### GIVEN DATA

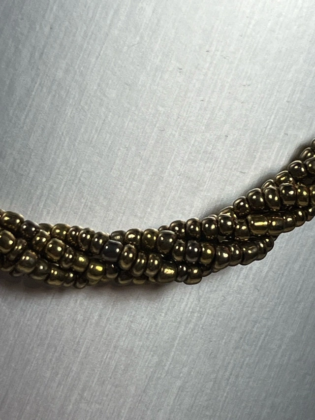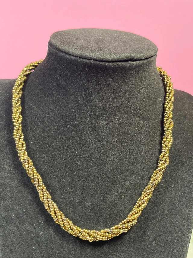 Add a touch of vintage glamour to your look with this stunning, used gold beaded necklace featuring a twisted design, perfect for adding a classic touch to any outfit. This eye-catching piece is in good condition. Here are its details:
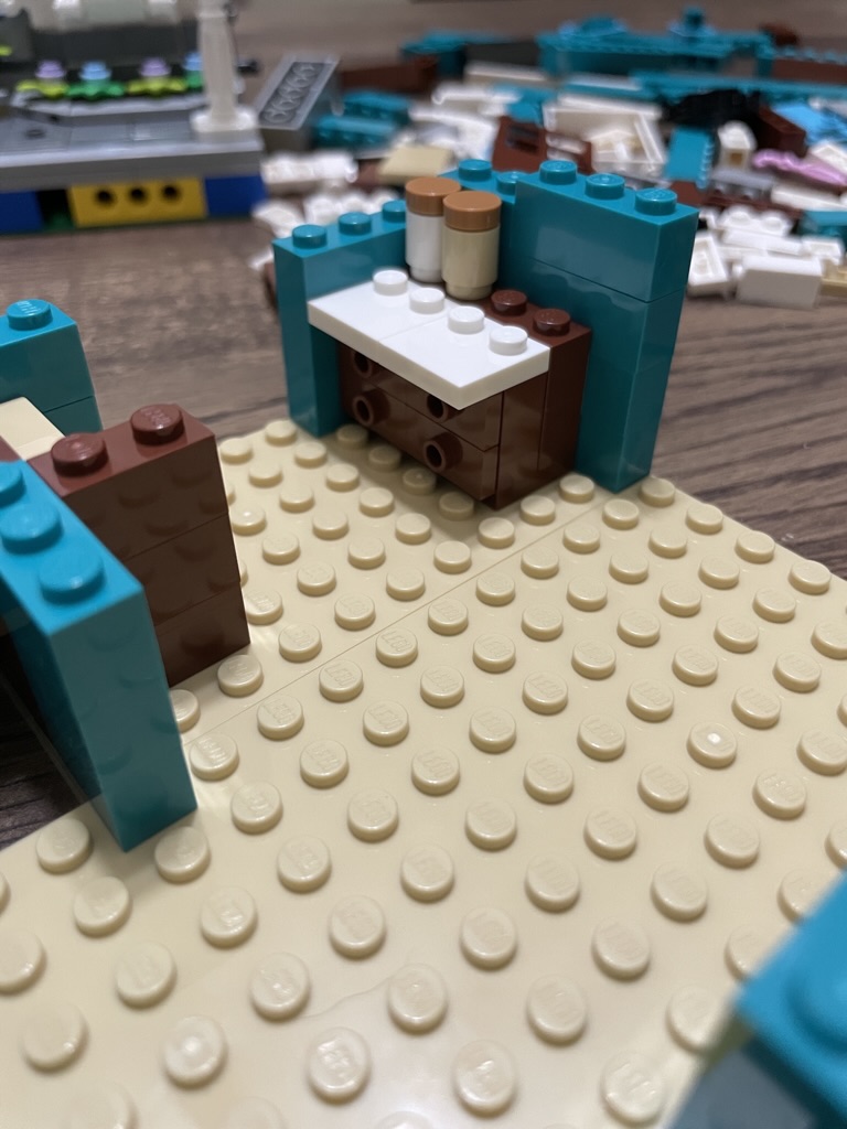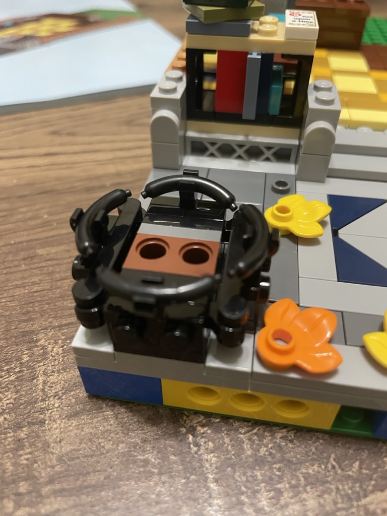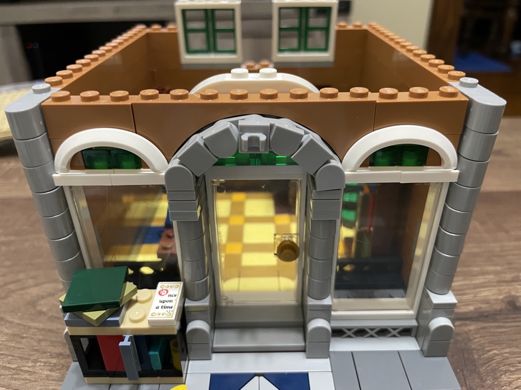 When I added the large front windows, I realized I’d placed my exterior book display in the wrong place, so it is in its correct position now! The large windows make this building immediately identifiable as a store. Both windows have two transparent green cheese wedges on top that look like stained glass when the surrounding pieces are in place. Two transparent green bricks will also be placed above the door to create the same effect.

--

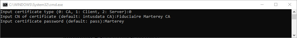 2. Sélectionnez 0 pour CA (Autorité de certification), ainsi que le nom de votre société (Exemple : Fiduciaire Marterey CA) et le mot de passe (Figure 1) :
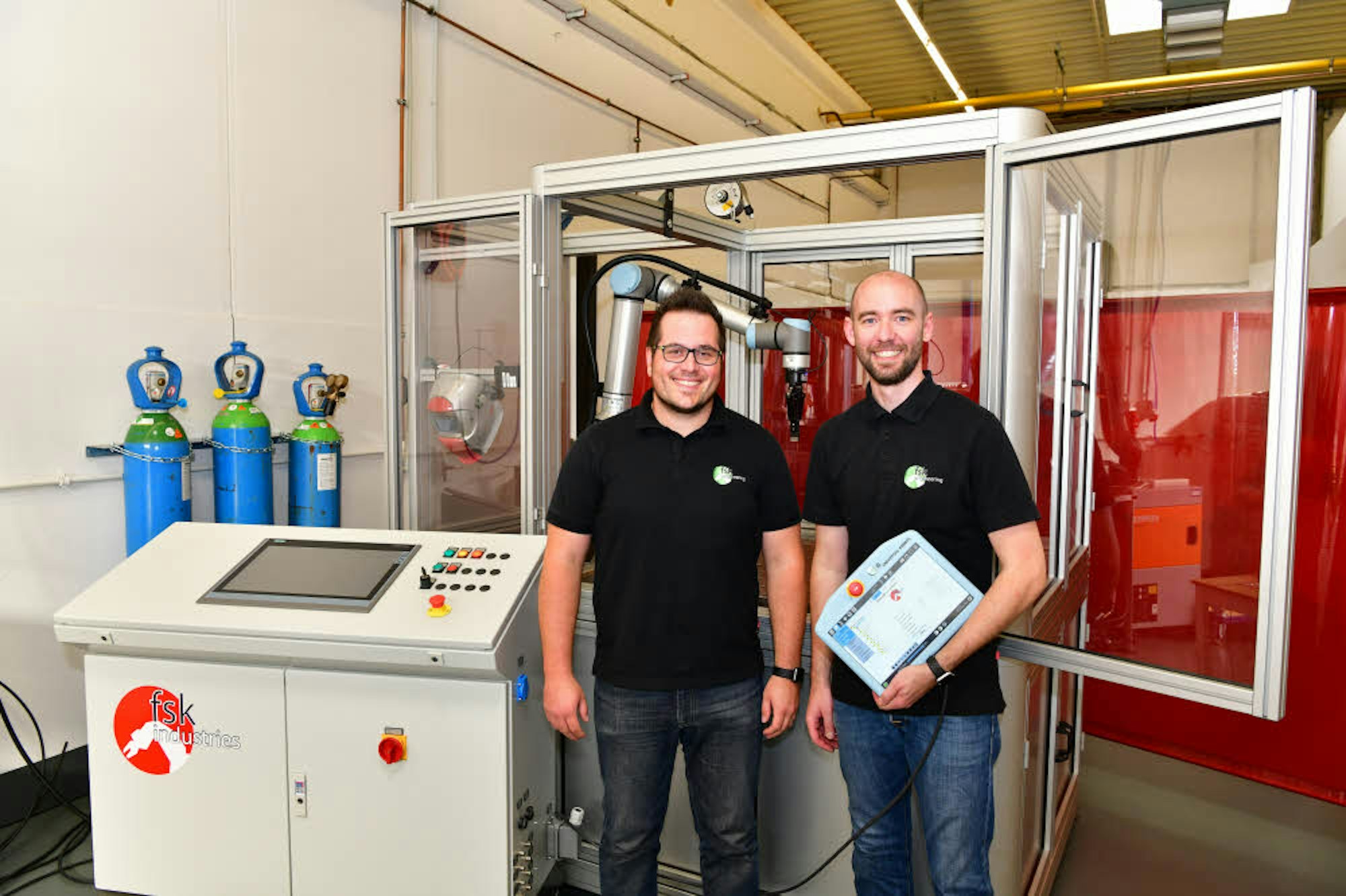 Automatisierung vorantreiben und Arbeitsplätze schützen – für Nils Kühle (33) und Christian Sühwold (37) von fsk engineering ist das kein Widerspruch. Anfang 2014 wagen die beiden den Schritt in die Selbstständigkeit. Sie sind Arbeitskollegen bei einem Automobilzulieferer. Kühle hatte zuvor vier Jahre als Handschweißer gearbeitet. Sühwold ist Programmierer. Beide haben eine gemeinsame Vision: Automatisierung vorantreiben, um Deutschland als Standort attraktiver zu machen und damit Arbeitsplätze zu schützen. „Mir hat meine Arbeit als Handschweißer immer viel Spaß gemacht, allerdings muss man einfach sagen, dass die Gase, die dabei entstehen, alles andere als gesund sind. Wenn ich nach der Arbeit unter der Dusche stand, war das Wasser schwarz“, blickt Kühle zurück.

--

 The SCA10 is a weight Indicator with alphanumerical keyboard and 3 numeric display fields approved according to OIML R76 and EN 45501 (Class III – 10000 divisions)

### EXERCISE DESCRIPTION
Please set down, exactly and with no pictures, the lines in the entries above starting at the one holding "Add a touch" and ending at the one holding "When I added", ends included.

### WRITTEN ANSWER
 Add a touch of vintage glamour to your look with this stunning, used gold beaded necklace featuring a twisted design, perfect for adding a classic touch to any outfit. This eye-catching piece is in good condition. Here are its details:
 When I added the large front windows, I realized I’d placed my exterior book display in the wrong place, so it is in its correct position now! The large windows make this building immediately identifiable as a store. Both windows have two transparent green cheese wedges on top that look like stained glass when the surrounding pieces are in place. Two transparent green bricks will also be placed above the door to create the same effect.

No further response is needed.